## ACTIVITY:
In the data below, restate exactly the lines from the one with "Espelho de bolsa, portátil, formato" to the final line, both included, but not the pictures.

## DATASET CONTENT:
◆ ◆ ◆

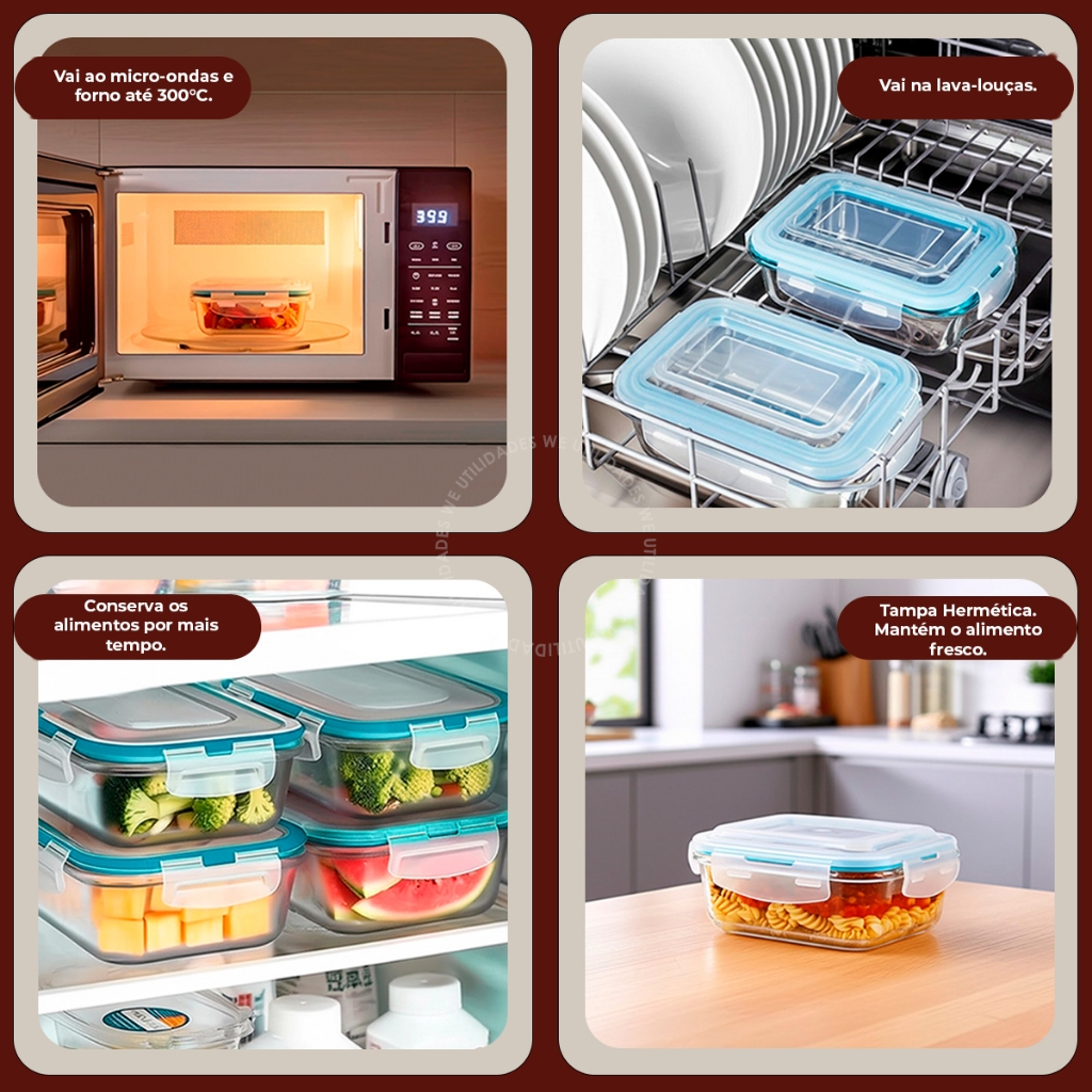 Kit 5 Potes de Vidro Hermético Mantimentos Marmita 1050ml
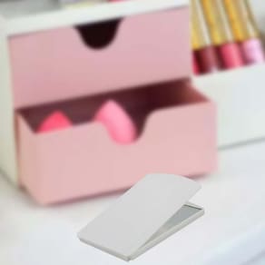 Espelho de bolsa, portátil, formato retangular com tampa protetora articulada, feito em Plástico Premium PSAI resistente a impactos e riscos. Imagens meramente ilustrativas. Marca: Não Informado
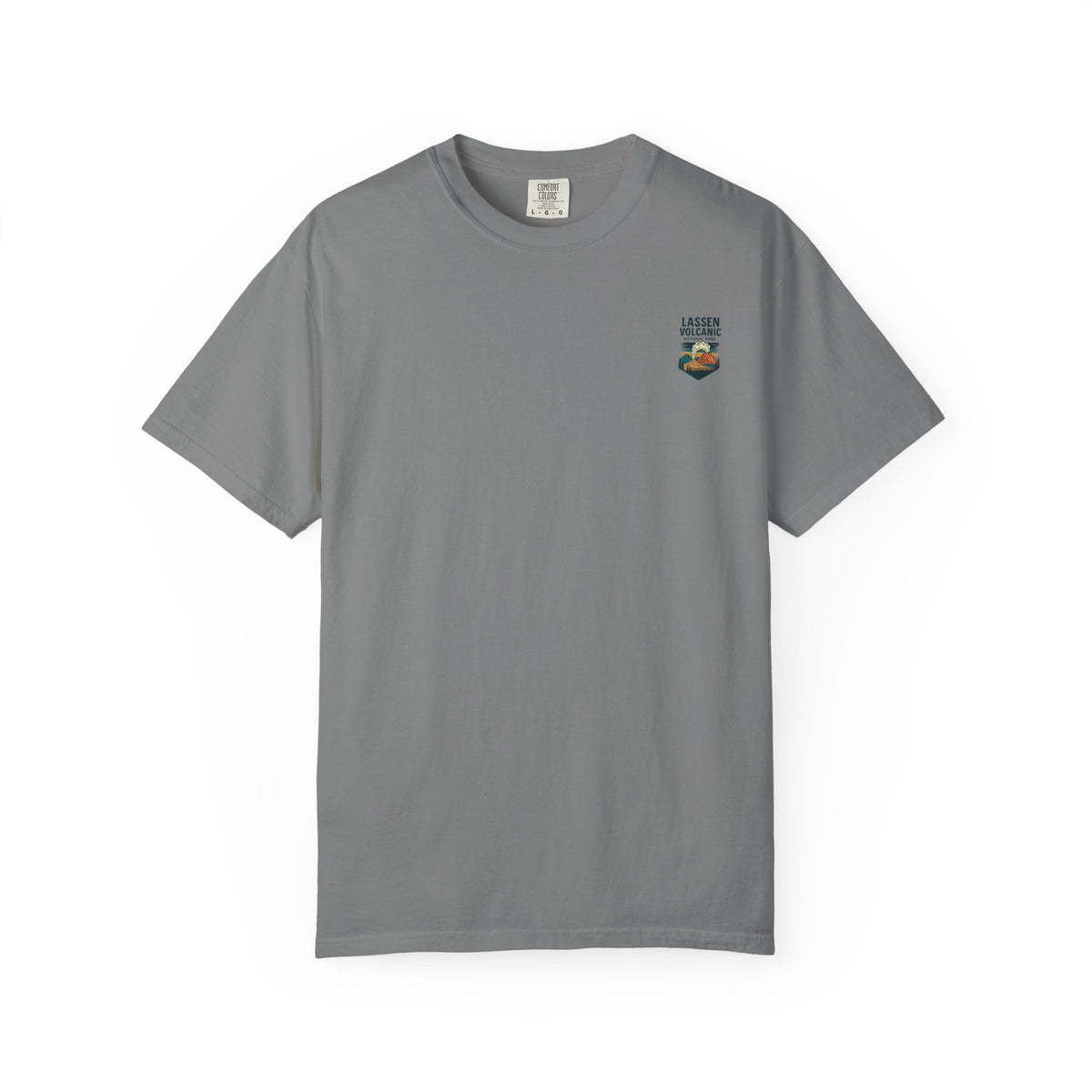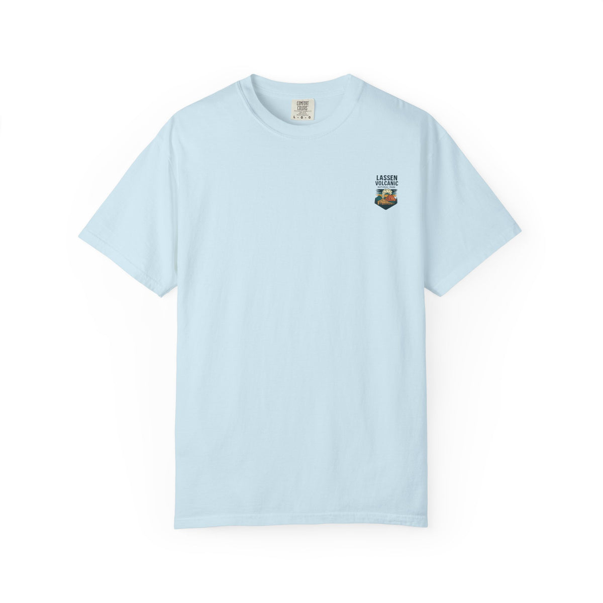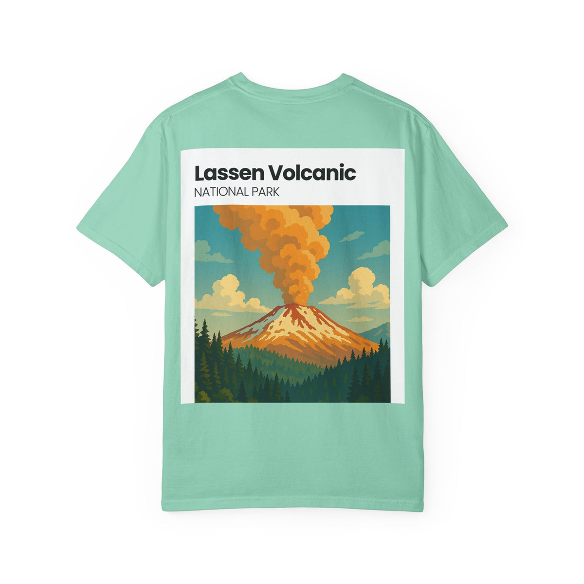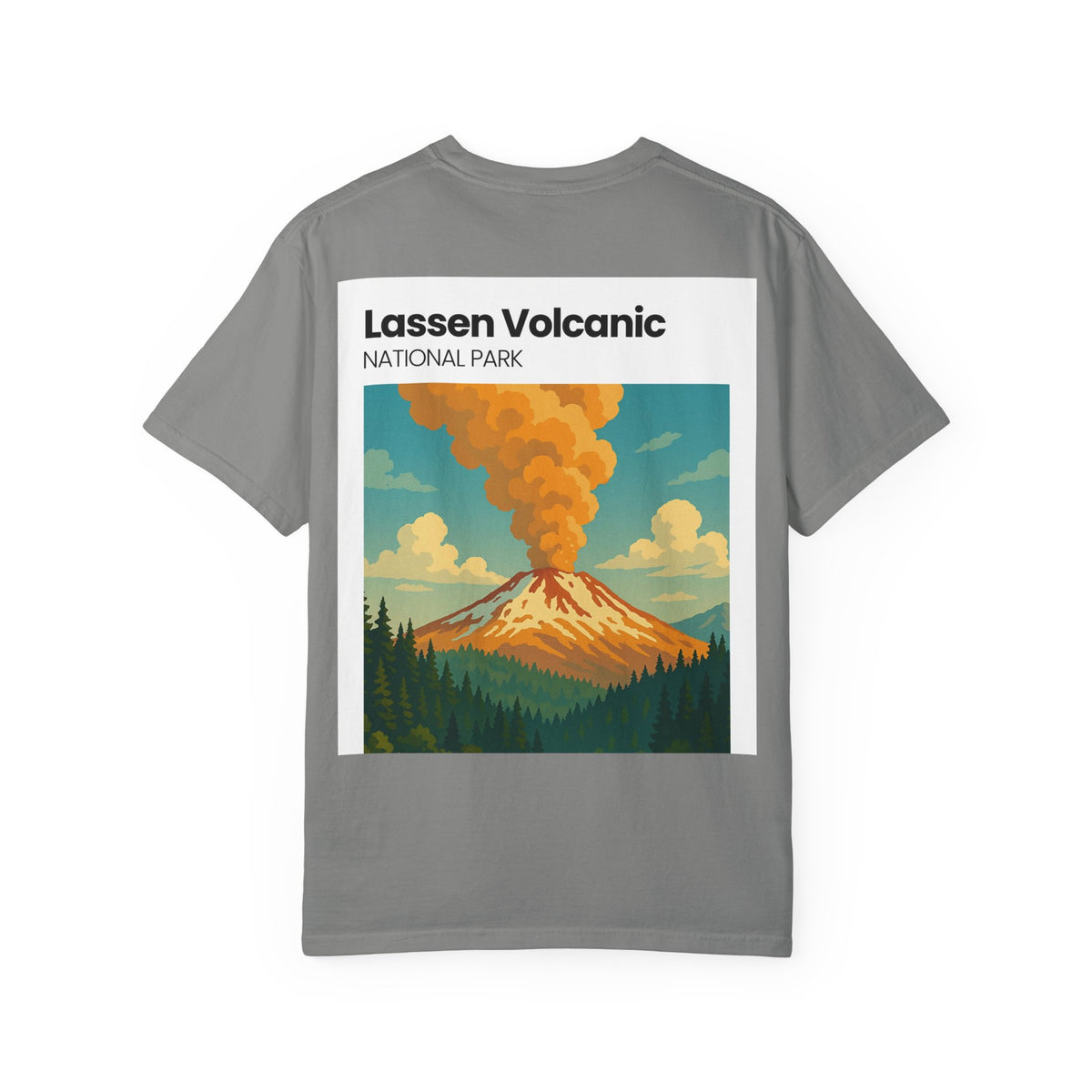 A relaxed, garment-dyed tee that feels lived-in from the first wear. The front carries a small chest emblem while the back showcases a vivid, retro-style illustration of Lassen Volcanic National Park—smoking peak, pine silhouettes, and sunlit clouds rendered in warm, earthy tones. The medium-weight cotton holds the print’s color nicely and the relaxed cut layers easily over a flannel or under a jacket for cool mornings on the trail. Wear it to remind yourself of big skies, smoky ridgelines, and the slow hush of forested campsites.

◆ ◆ ◆

## EXERCISE SOLUTION:
 Espelho de bolsa, portátil, formato retangular com tampa protetora articulada, feito em Plástico Premium PSAI resistente a impactos e riscos. Imagens meramente ilustrativas. Marca: Não Informado
 A relaxed, garment-dyed tee that feels lived-in from the first wear. The front carries a small chest emblem while the back showcases a vivid, retro-style illustration of Lassen Volcanic National Park—smoking peak, pine silhouettes, and sunlit clouds rendered in warm, earthy tones. The medium-weight cotton holds the print’s color nicely and the relaxed cut layers easily over a flannel or under a jacket for cool mornings on the trail. Wear it to remind yourself of big skies, smoky ridgelines, and the slow hush of forested campsites.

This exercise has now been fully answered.